Everyone in the Trump "administration" lies about everything, all the time, reflexively, the end.
After the Washington Post learned that Donald Trump personally approved a promised $2 million to North Korea for the "medical care" of comatose American prisoner Otto Warmbier, Trump got predictably peeved and called the report "fake news."
“There was no money paid,” Trump said. “That was a fake news report that money was paid. I haven’t paid money for any hostage.”
Except that the report didn't claim the money had been paid. It only asserted that Trump approved the signing of a document promising the United States would pay the $2 million demanded by the North Koreans. And now the whole administration is trying to play a too-clever-by-half game of denying something that wasn't claimed in an attempt to dodge responsibility for what was.
On Fox News Sunday, national security adviser (God help us all) John Bolton confirmed that the agreement happened while indignantly claiming the administration had "absolutely not" paid the money.
But he's a liar, because on Sunday national security adviser (God help us all) John Bolton confirmed that the agreement happened. "That's what I'm told, yes," Bolton told Fox News Sunday. On Monday morning, Secretary of State Mike Pompeo indignantly repeated the same denying non-denial: “At no time in this administration have we paid for any hostages to be released, and we have no intention of doing so.”
Good to know! But it's not what was reported. The Washington Post reported that the team sent to bring Warmbier back to the United States was presented with a $2 million bill, with the understanding that Warmbier was not going to be released unless it was agreed to. The decision on whether to sign the demand was bumped up the executive chain to Donald Trump himself, and Trump personally approved signing it.
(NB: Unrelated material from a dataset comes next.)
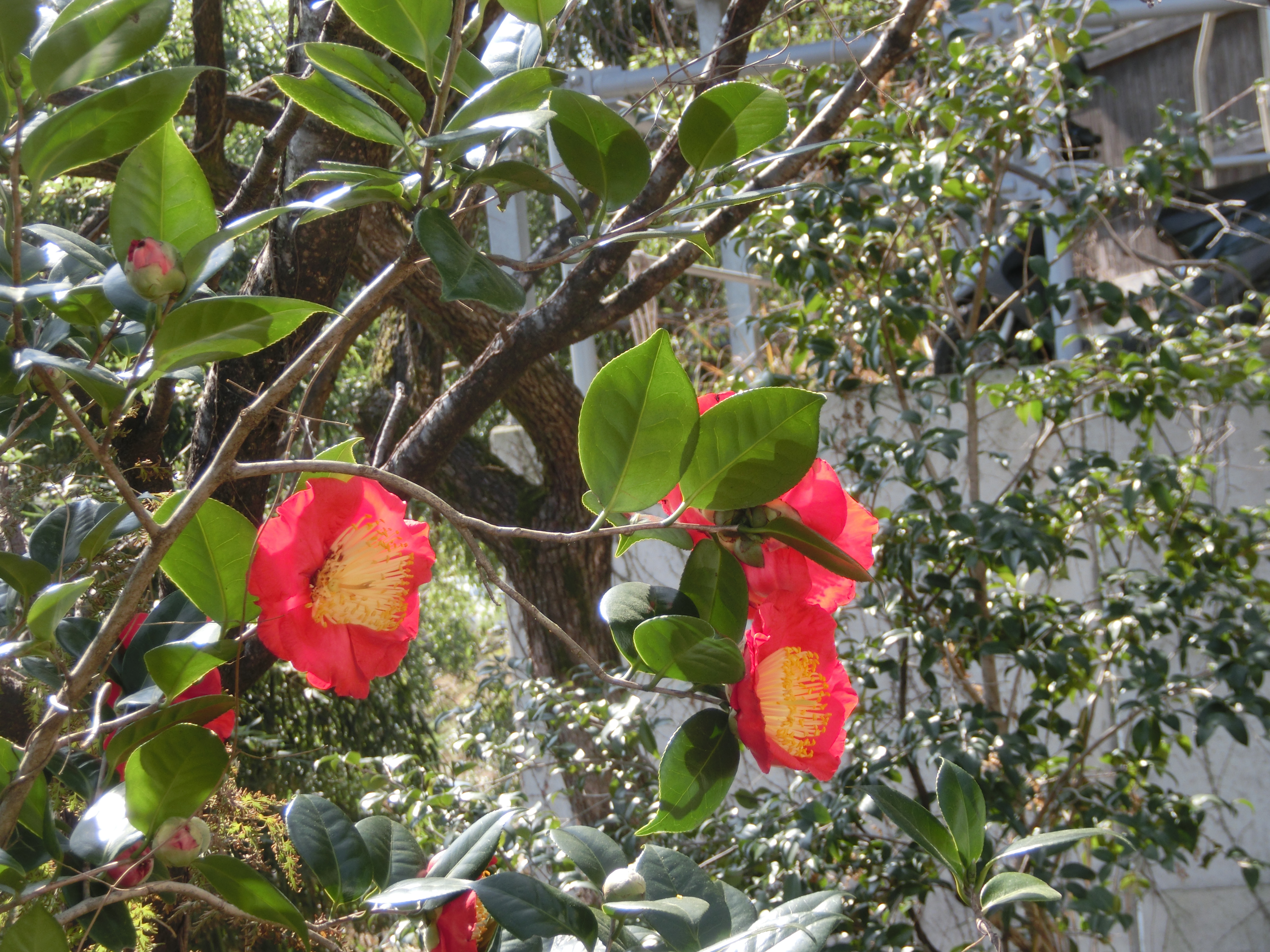 ウォーキングマシンのそばには、椿の木もあります。

The story did not, however, say that the money had already changed hands.
Agreeing to pay a ransom for the release of an American citizen is a bad look, for an administration of self-described tough "negotiators", so now the administration is in defensive mode. And the defense is that well sure, Donald Trump approved the money—but he always intended to stiff the North Koreans like one of his ex-plumbers, so it doesn't count.
There is a catch, however, and it is a big one. The Trump "administration" lies about everything, all the time, even when the lies are repeatedly disproven. It is press secretary Sarah Sanders' entire reason for being. It is why Kellyanne Conway still collects a White House paycheck. It is, for Donald Trump, an all-consuming obsession.
So we don't actually know whether the $2 million ransom has been paid, or will be paid in the future. None of the figures involved have a record that would justify blind faith in those declarations; John Bolton could have conducted the whole interview with the to-be-delivered check in a coat pocket, for all we know. Pompeo says "we" have no "intention" of paying the bill; Mike Pompeo has little to no influence on whether the White House "we" will be saying something different tomorrow. And as comforting as it is to, for once, think that Donald Trump's crooked pattern of stiffing people he owes money to will play out again here, it is also a near-certainty that Trump would order the payment be made if the North Korean leadership insisted upon it as prerequisite for the next of Trump's desperately-wanted "summits."
This is the problem with an administration that reflexively lies about any story that makes Donald even slightly upset. We know they're lying. We just don't know much they're lying.